Dienstag: Interview-Marathon für Maria
Endlich ist es so weit: Die Ski-WM startet mit dem Super-G der Ladies an der Kandahar. Wir sind selbstverständlich schon seit sechs Uhr morgens im Volume Pills Main Press Center und fertigen mittlerweile routiniert den Pressespiegel an, nebenbei recherchieren wir kuriose Fakten zu den Fahrerinnen des heutigen Rennens – für die Kommentatoren und Moderatoren im Stadion.

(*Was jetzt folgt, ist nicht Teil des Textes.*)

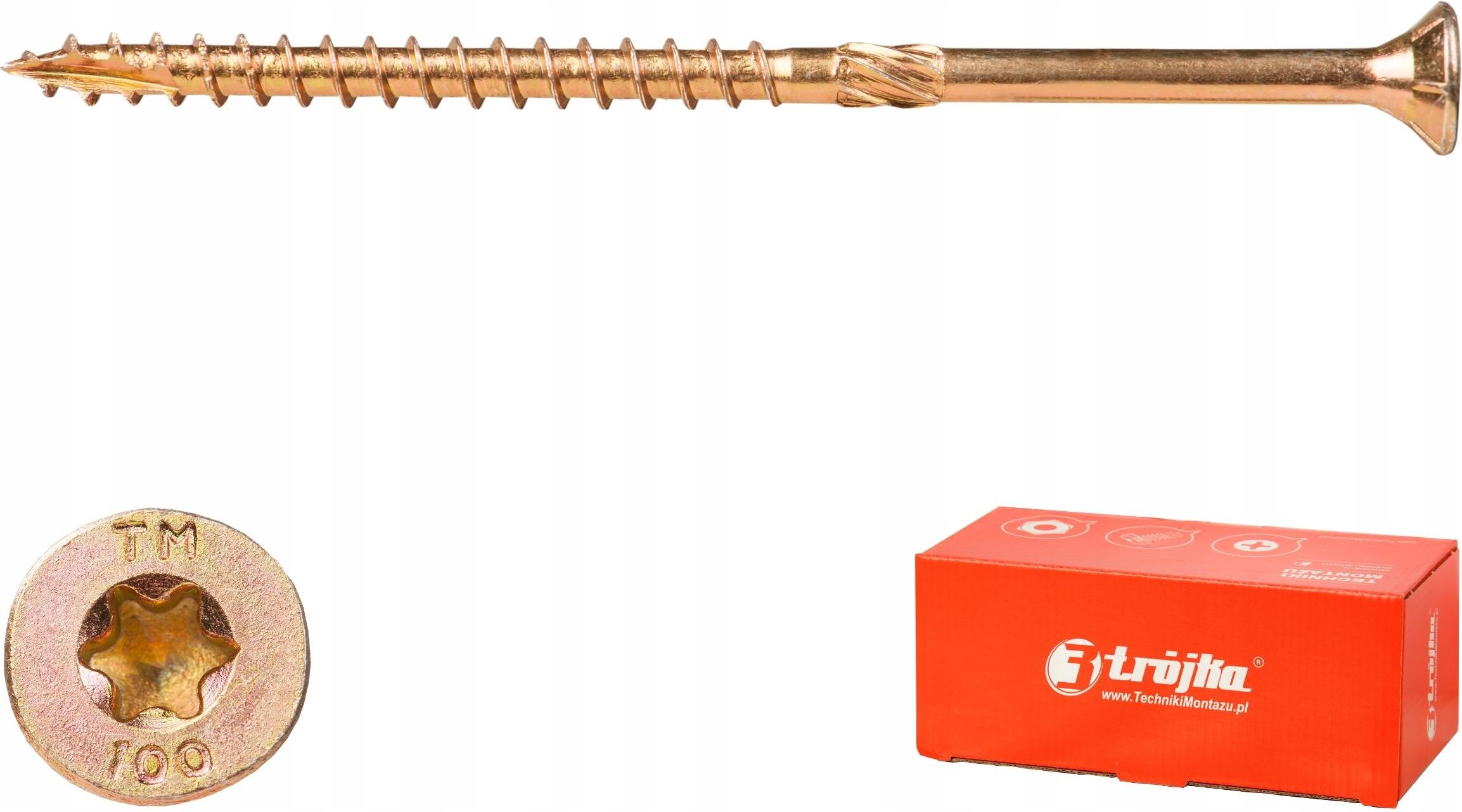 Wkręty hartowane TORX z łbem stożkowym - 3,0x35 - 2000 sztuk PARAMETRY WKRĘT HARTOWANY TORX Średnica [d]: 3.0 mm Długość [L]: 35 mm Długość gwintu [L1]: 16 mm Długość frezu [L2]: 2,5 mm - 5,0 mm Średnica główki [D]: 6 mm Gniazdo TORX: TX10 Ilość w opakowaniu jednostkowym (opJ): 2000 sztuk Norma: DIN 7505, PN-EN 14592:2008+1A:2012 Powłoka: Hartowany, Ocynkowany Galwanicznie OPIS: Wkręty Hartowane TORX TRÓJKA z łbem stożkowym o innowacyjnej konstrukcji, dzięki polepszonym zdolnością do wkręcania się, usprawniają pracę przy montażu konstrukcji drewnianych oraz zapewnia odpowiednią wytrzymałość całej konstrukcji. Wkręty hartowane TORX firmy TRÓJKA zapewniają komfortową pracę przy montażu dzięki: wgłębieniu typu TORX, specjalnej końcówce wiercącej posiadającej karby tnące, frezie rozwiercającym zmniejszającym tarcie w trakcie wkręcania, wypustkom nacinającym w łbie wkręta. Produkt wykonany wg europejskich norm: PN-EN 14592:2008+A1:2012 , posiada certyfikaty i aprobaty. ZALETY ORYGINALNA ETYKIETA TRÓJKA. Dzięki temu wiesz, że kupujesz bardzo dobry, oryginalny produkt, Jakość zatwierdzona atestem PN-EN 14592:2008+A1:2012 Instytutu Techniki Budowlanej ITB, Wykonano ze stali węglowej, wzmocniony przez proces hartowania, Ochronę antykorozyjną zapewnia ocynk galwaniczny, Pasywacja ocynku na kolor złoty idealnie komponuję się z kolorem drewna Estetyczne pudełko, zapewnia bezpieczne przechowywanie produktu Wykonane w najwyższej jakości - Nowoczesne procesy produkcji Cechy wkręta Nacięcie TORX (gniazdo) - gniazdo TORX zapewnia optymalne przeniesienie momentu obrotowego. Łeb stożkowy (główka) - zapewnia dzięki wypustkom nacinającym pełne zagłębienie wkręta w powierzchni podłoża, Frez rozwiercający - frez rozwiercający zmniejsza moment obrotowy oraz chroni drewno przed rozczepieniem Karby tnące - karby tnące umieszczone na początku gwintu przecinają włókna struktury drewna Specjalny frez na ostrzu - ułatwia rozpoczęcie montażu wkręta oraz zapobiega pękaniu drewna

Und dann geht’s auch schon los, wir müssen uns noch einen Platz im Pressezelt sichern. Heute teilen wir uns nämlich auf. Högschde Disziplin wird von den Pistenbloggern gefordert. Zwei im TV-Bereich und vier im Bereich der Schreiberlinge – das sind sechs. Für den Verbliebenen wurde es einsam im Zelt. Wenigstens warm und mit Internet ausgestattet, aber alles andere als aufregend. Dafür war es in der Mixed Zone umso interessanter.
Ein knappes Dutzend TV-Sender aneinander gedrängt, jeder hat seine drei Quadratmeter große Box. Darin stehen ein Kameramann, ein Ton- bzw. Lichttechniker und natürlich der Interviewer. Sortiert ist das Ganze nach Priorität – zuerst die deutschen Sender (ARD bzw. ZDF) als Host-Broadcaster, dann das österreichische und das Schweizer Fernsehen. Gefolgt von vielen weiteren TV-Stationen. Ob sie wollen oder nicht, für die Athletinnen gibt es keinen Weg an den Kameras vorbei. Selbstverständlich zu unserem Vorteil: Zwei Pistenblogger stehen dicht bei den TV-Teams, um die ersten O-Töne direkt an den Kollegen im Zelt weiterzuleiten. Volume Pills Dort werden sie abgetippt, gedruckt und an die Journalisten verteilt. Ein willkommener Service für die Print-Kollegen, denn bis die gefragtesten der Fahrerinnen – meistens Maria und Lindsey – die dortige Area erreichen, vergeht locker eine halbe Stunde. Fazit: Mit den Pistenbloggern schreibt man besser. Und schneller.